转自 http://xw-z1985.iteye.com/blog/1970844

Netty的写操作由两个步骤组成:

Write:将msg存储到ChannelOutboundBuffer中
Flush:将msg从ChannelOutboundBuffer中flush到套接字的发送缓冲区中。
本文介绍第一个步骤write

//DefaultChannelHandlerContext  
public ChannelFuture write(Object msg) {  
        return write(msg, newPromise());  
}   
public ChannelFuture write(final Object msg, final ChannelPromise promise) {  
        if (msg == null) {  
            throw new NullPointerException("msg");  
        }  
        validatePromise(promise, true);  
        write(msg, false, promise);  
        return promise;  
    }  
private void write(Object msg, boolean flush, ChannelPromise promise) {  
        DefaultChannelHandlerContext next = findContextOutbound();  
        EventExecutor executor = next.executor();  
        if (executor.inEventLoop()) {  
            next.invokeWrite(msg, promise);  
            if (flush) {  
                next.invokeFlush();  
            }  
        } else {  
            int size = channel.estimatorHandle().size(msg);  
            if (size > 0) {  
                ChannelOutboundBuffer buffer = channel.unsafe().outboundBuffer();  
                // Check for null as it may be set to null if the channel is closed already  
                if (buffer != null) {  
                    buffer.incrementPendingOutboundBytes(size, false);  
                }  
            }  
            executor.execute(WriteTask.newInstance(next, msg, size, flush, promise));  
        }  
    }  

Write是一个Outbound事件,所以会调用outbound处理器的write方法。

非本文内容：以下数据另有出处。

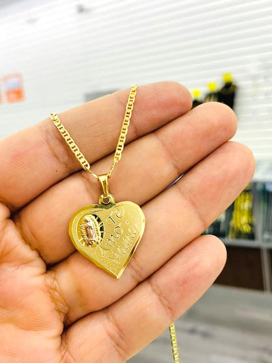 Virgen de Guadalupe Pendant Necklace 20" Heart Yellow Gold Filled I Love You Charm 24x22 Mothers Day Gift
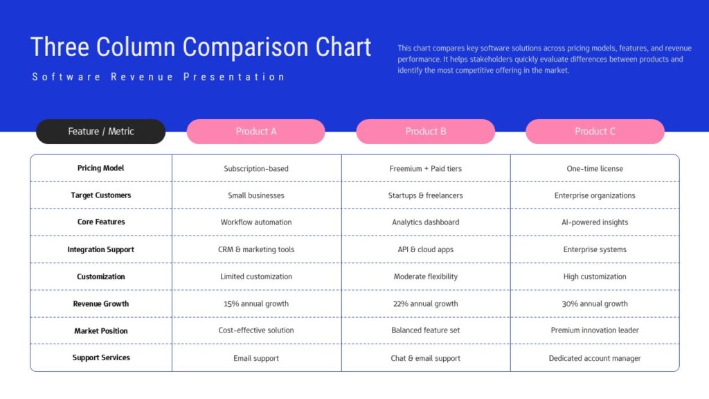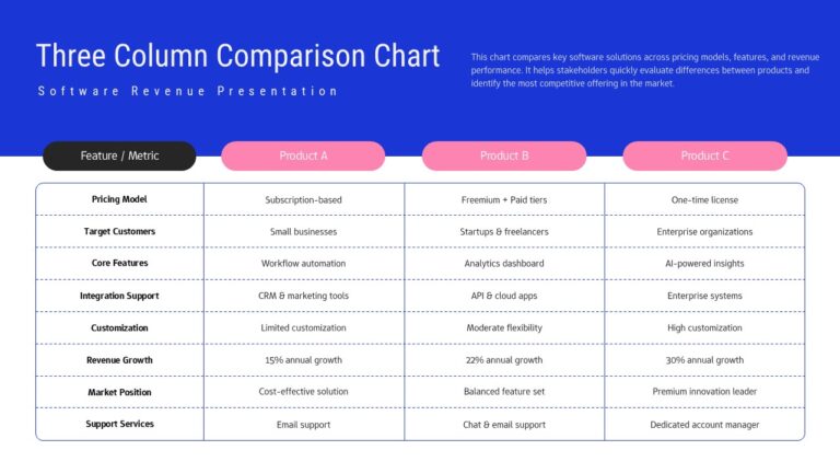 This Three Column Comparison Chart Template for PowerPoint & Google Slides is ideal for software companies, product managers, and business analysts presenting competitive analysis, feature comparisons, or product positioning. Perfect for board meetings, investor pitches, sales presentations, and strategic planning sessions where clear comparison of products, services, or solutions is essential. The template supports revenue performance metrics, market positioning data, and detailed feature differentiation effectively.

下面分析headHandler的write方法。

//HeadHandler          
public void write(ChannelHandlerContext ctx, Object msg, ChannelPromise promise) throws Exception {  
            unsafe.write(msg, promise);  
        }  

里面会调用AbstractUnsafe的write方法

// AbstractUnsafe  
  public void write(Object msg, ChannelPromise promise) {  
            if (!isActive()) {  
                // Mark the write request as failure if the channel is inactive.  
                if (isOpen()) {  
                    promise.tryFailure(NOT_YET_CONNECTED_EXCEPTION);  
                } else {  
                    promise.tryFailure(CLOSED_CHANNEL_EXCEPTION);  
                }  
                // release message now to prevent resource-leak  
                ReferenceCountUtil.release(msg);  
            } else {  
                outboundBuffer.addMessage(msg, promise);  
            }  
        }  

outboundBuffer是AbstractUnsafe使用的一种数据结构ChannelOutboundBuffer,用来存储待发送的消息。该数据结构在实例化AbstractUnsafe的同时被初始化:

// ChannelOutboundBuffer  
private static final Recycler<ChannelOutboundBuffer> RECYCLER = new Recycler<ChannelOutboundBuffer>() {  
        @Override  
        protected ChannelOutboundBuffer newObject(Handle handle) {  
            return new ChannelOutboundBuffer(handle);  
        }  
    };    
  
static ChannelOutboundBuffer newInstance(AbstractChannel channel) {  
        ChannelOutboundBuffer buffer = RECYCLER.get();  
        buffer.channel = channel;  
        buffer.totalPendingSize = 0;  
        buffer.writable = 1;  
        return buffer;  
    }  

ChannelOutboundBuffer的结构如下:

在这里插入图片描述

Buffer是用来存储msg的Entry结构数组,entry的结构如下:

在这里插入图片描述

ChannelOutboundBuffer实例化时,buffer数组的大小为32,nioBuffers数组的大小也为32.由于ChannelOutboundBuffer的实例化的代价实际上是很高的,看以下构造方法:

private ChannelOutboundBuffer(Handle handle) {  
        this.handle = handle;  
        buffer = new Entry[INITIAL_CAPACITY];  
        for (int i = 0; i < buffer.length; i++) {  
            buffer[i] = new Entry();  
        }  
        nioBuffers = new ByteBuffer[INITIAL_CAPACITY];  
    }  

所以netty使用基于thread-local的轻量级对象池Recycler对ChannelOutboundBuffer进行回收。当ChannelOutboundBuffer第一次被实例化且使用完毕后,会回收到Recycler中(见下面的recyle方法),下次需要用时,直接从Recycler中取(见下面的get方法),避免了再次实例化和垃圾回收的开销。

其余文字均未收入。